POTS is not a single pathophysiological entity, several distinct subtypes have been described, each with different underlying mechanisms. Hypovolaemic POTS involves a reduced circulating blood volume. Neuropathic POTS involves partial autonomic denervation of the lower limb blood vessels. Hyperadrenergic POTS involves excessive sympathetic nervous system activity. Understanding the subtype, where this is possible, helps guide treatment selection. This is one of the reasons specialist clinic input is so valuable.

Diagnosis

The active stand test

The simplest diagnostic assessment is the active stand test, measuring heart rate and blood pressure after lying supine for 10 minutes, then at intervals over 10 minutes of standing. A sustained heart rate rise of 30 beats per minute or more (40 in adolescents), with symptoms, and without significant blood pressure fall, meets the diagnostic criteria.

Tilt table testing

For a more controlled assessment, or when the active stand test is inconclusive, a tilt table test is performed. The patient is strapped to a table that is tilted from horizontal to 70 degrees and held there for up to 45 minutes while heart rate and blood pressure are continuously monitored. This test is the gold standard for diagnosing POTS and other forms of orthostatic intolerance.

Further investigation

Blood tests assess for common associated conditions, thyroid function, anaemia, autoimmune markers, and plasma volume studies where available. A 24-hour Holter monitor documents the heart rate patterns throughout a normal day. Echocardiography confirms normal cardiac structure and function. Skin biopsy for small fibre neuropathy may be considered in specialist centres.

One of the most validating moments for a patient with POTS is seeing their own heart rate trace on a monitor, watching it jump from 70 to 130 beats per minute simply on standing. For someone who has been told for years that their symptoms are anxiety or deconditioning, seeing the objective evidence of what their body is doing is genuinely transformative. It changes the conversation from “is this real?” to “what are we going to do about it?”, and that is a much better conversation to be having.

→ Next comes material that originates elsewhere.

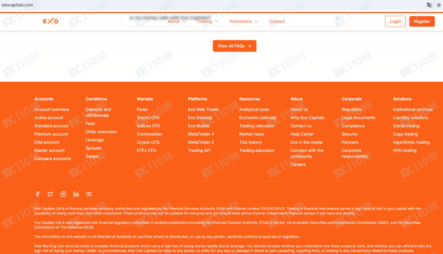 該平臺宣傳Exo Capitals Ltd是一家獲得FSA授權和監管的金融服務公司,也獲得英國FCA、澳大利亞ASIC和巴哈馬SCB的監管,提供外匯、股票、指數、大宗商品、加密貨幣等金融衍生品投資交易服務。
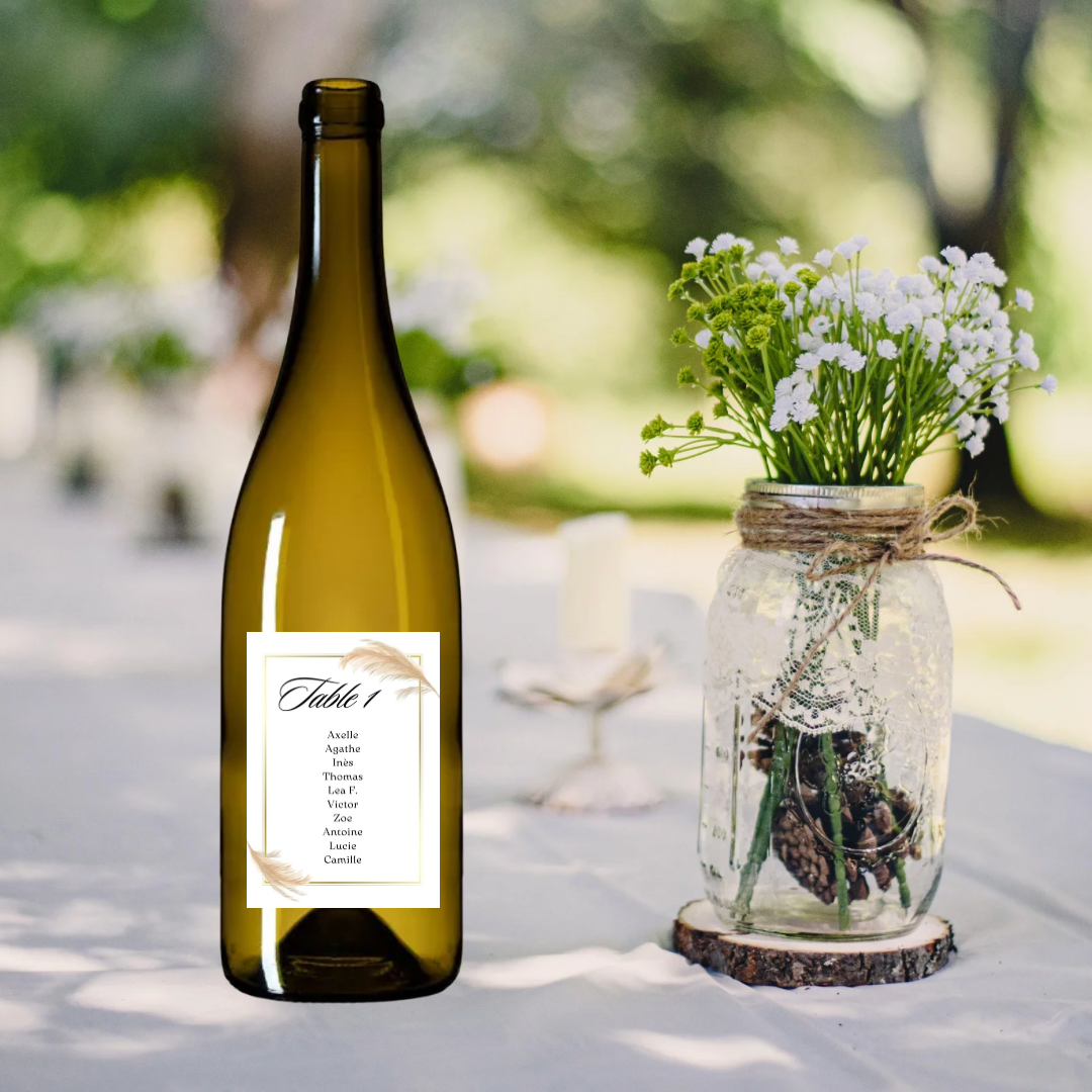 Étiquettes personnalisées pour bouteilles de vin – Plan de table mariage décor Pampa

— Prof. Peter Barlis, Interventional Cardiologist

Management

Why a specialist clinic matters

POTS is best managed by a multidisciplinary team with experience in autonomic disorders. In Australia, POTS clinics, typically combining cardiology, neurology, and physiotherapy, offer the comprehensive, coordinated approach that this condition requires. A cardiologist managing a patient with POTS in isolation can help, but the physiotherapy reconditioning programme, the dietary advice, the psychological support for coping with a chronic and often poorly understood condition, these are best provided by a team that has developed expertise in this specific patient group.

If you have been diagnosed with POTS and are not yet under the care of a specialist clinic, asking for a referral is a worthwhile conversation to have.

Non-pharmacological strategies, the foundation

The core of POTS management is non-pharmacological, and for many patients, these measures alone produce significant improvement.

Fluid and salt loading is fundamental. Increasing fluid intake to two to three litres of water per day and increasing dietary salt, in the absence of hypertension, expands circulating blood volume and reduces the degree of orthostatic pooling. Many patients notice improvement within days of implementing this consistently.

Compression garments, waist-high graduated compression stockings or abdominal binders, physically counteract blood pooling in the lower body on standing. They are unglamorous but effective, and most patients who use them consistently find them meaningful.

Physical reconditioning is one of the most impactful and most challenging elements of management. Deconditioning worsens POTS significantly, yet upright exercise is poorly tolerated in active POTS. The key is starting with recumbent exercise, rowing machines, recumbent cycling, swimming, that achieves cardiovascular conditioning without the orthostatic stress of being upright. Gradually, as tolerance improves, more upright exercise can be introduced. This process takes months and requires patience, but the functional gains are real and durable.

Practical behavioural strategies make a significant difference to daily functioning, elevating the head of the bed by 10 to 20 degrees, rising from lying slowly, avoiding prolonged standing, eating smaller and more frequent meals (large meals divert blood to the gut), and avoiding heat and dehydration.

Medications

When non-pharmacological measures are insufficient, several medications have evidence supporting their use in POTS. Fludrocortisone increases salt and water retention, expanding blood volume. Midodrine is a vasoconstrictor that increases peripheral vascular resistance and reduces pooling, it is taken in doses timed around upright activity and cannot be taken at night. Beta-blockers, particularly low-dose propranolol, reduce the heart rate surge on standing and can alleviate the palpitation component significantly, though they need to be used carefully as they can worsen fatigue. Ivabradine, a selective heart rate-slowing agent without the side effects of beta-blockers, has shown benefit in POTS and is increasingly used.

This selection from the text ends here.